Understanding the Portuguese’s passion for codfish is a window into Portuguese culture
June 10, 2020
There’s a saying in Portugal about there being a different recipe of codfish for each day of the year. Is that actually true? Maybe, but it sure says a lot about the Portuguese love of codfish. And, by that, we mean salted cod, bacalhau.
To explain the story behind how codfish became the “faithful friend” of this nation’s tables, it will open this Summer The Interpretive Center of the History of Cod, in Terreiro do Paço (Torreão Nascente) - in Lisbon.
The Center will tell the story from the very beginning - since the times when Portuguese people would risk their lives in the frozen waters of Newfoundland and Greenland to bring salt cod back to their country, to the explanation who were the great Brás and Gomes de Sá - the names of the two most popular “bacalhau” dishes served nowadays in Portugal.
This interactive space will combine the best of technology with the most fantastic artifacts that tradition has to offer.
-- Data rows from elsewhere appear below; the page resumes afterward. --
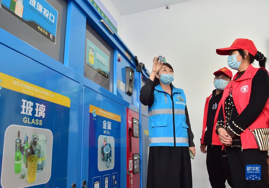 4月21日,在河北省石家庄市鹿泉区镇宁路上的一家生活垃圾分类活动驿站,工作人员为社区志愿者讲解垃圾分类知识。
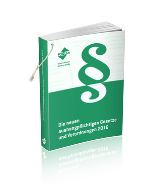"Die neuen aushangpflichtigen Gesetze und Verordnungen 2016, 15. überarb. Aufl." Buch | Softcover 2016 | FVH Forum Verlag Herkert GmbH ISBN: 9783902617385 CHF 76,65 (inkl. MwSt) Titel erscheint in neuer Auflage
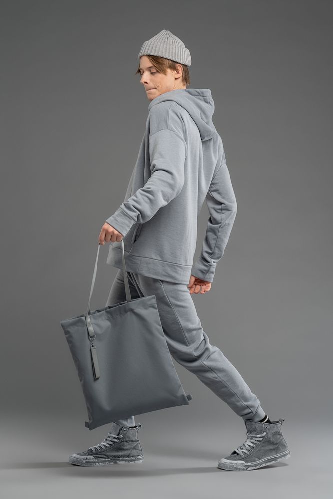 Шопер B3, серый с серыми ручками купить оптом и в розницу с нанесением логотипа в Нижнем Новгороде
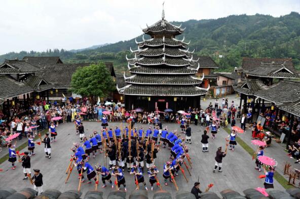 5月12日,人们在三江侗族自治县林溪镇冠洞村冠小侗寨表演芦笙踩堂。
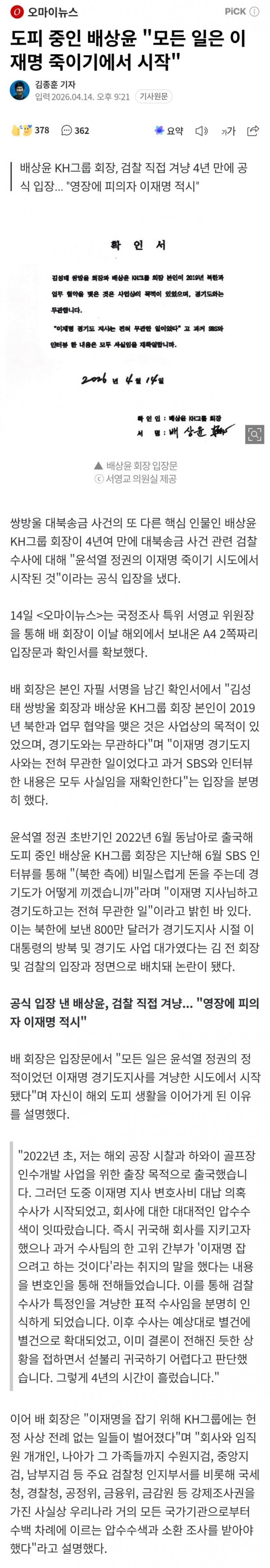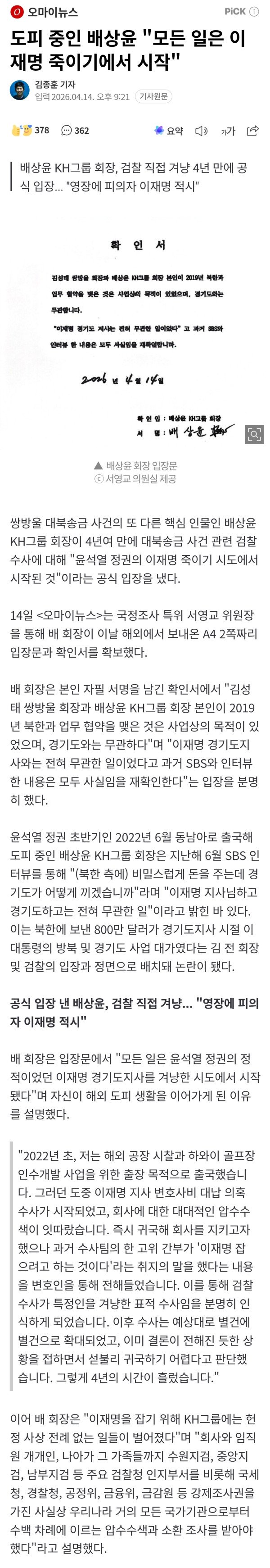 도피 중인 배상윤 "모든 일은 이재명 죽이기에서 시작"
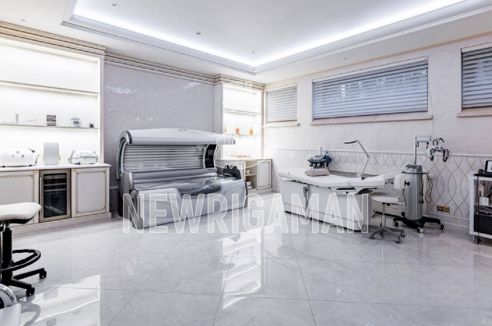 1 этаж - холл, кабинет, гардеробная, гостиная с камином, малая гостиная, столовая, кухня, с/у, гостевая спальня с с/у, спа-зона с бассейном, сауна, хаммам, комната отдыха с мини-кухней,
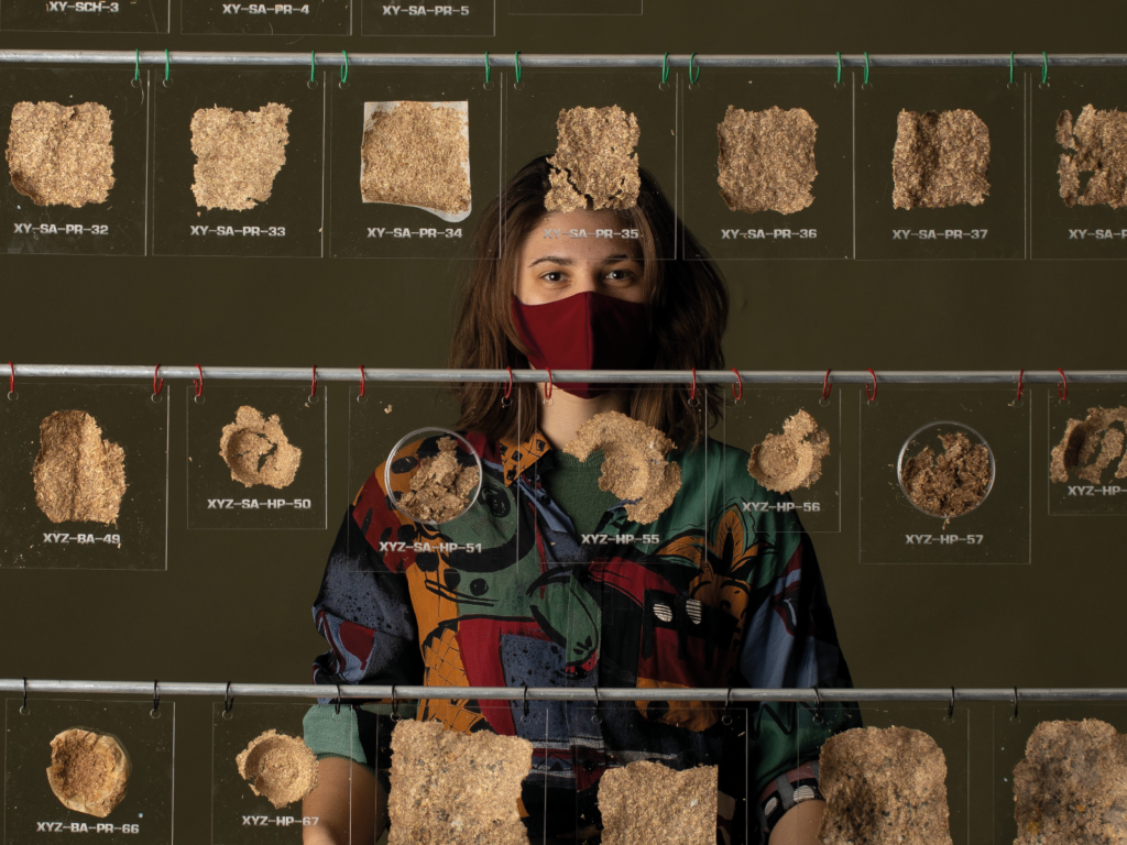 Die mit dem zweiten Platz prämierte Abschlussarbeit „Presskorn“ der KISD-Absolventin Theresa Tropschuh dreht sich um eine Lösung für die Endlichkeit irdischer Ressourcen. Theresa Tropschuh möchte eine Alternative zur Materialverschwendung unserer Konsumgesellschaft hin zu einer Kreislaufwirtschaft aufzeigen. Das entwickelte Material Presskorn soll nicht nur eine Alternative zu endlichen Rohstoffen aufzeigen, sondern auch ein schuldloses Konsumieren ermöglichen und den Startschuss für eine Materialwende in eine öko-soziale Gesellschaft abfeuern. Presskorn besteht zu 100 Prozent aus einem Reststoff der Bierproduktion und ist aus dem nachwachsenden pflanzlichen Rohstoff Gerste hergestellt. Es kann vor der Weiterleitung in die Biogasanlage unter anderem für Produkte wie einen Fahrradhelm, ein Bett oder auch Tierfutter verwendet werden.

There will be several exhibition rooms, allowing the visitor to watch the beginning of an odyssey of the people that threw themselves in the “seas at the end of the world', feel the dangers and emotions of being on-board a “dory”, learn the routines of the fishermen, envision the future of cod, its consumption, fishing and new ways of cooking it.
With the codfish as part of Portugal’s cuisine and culture, here both history and stories will be told.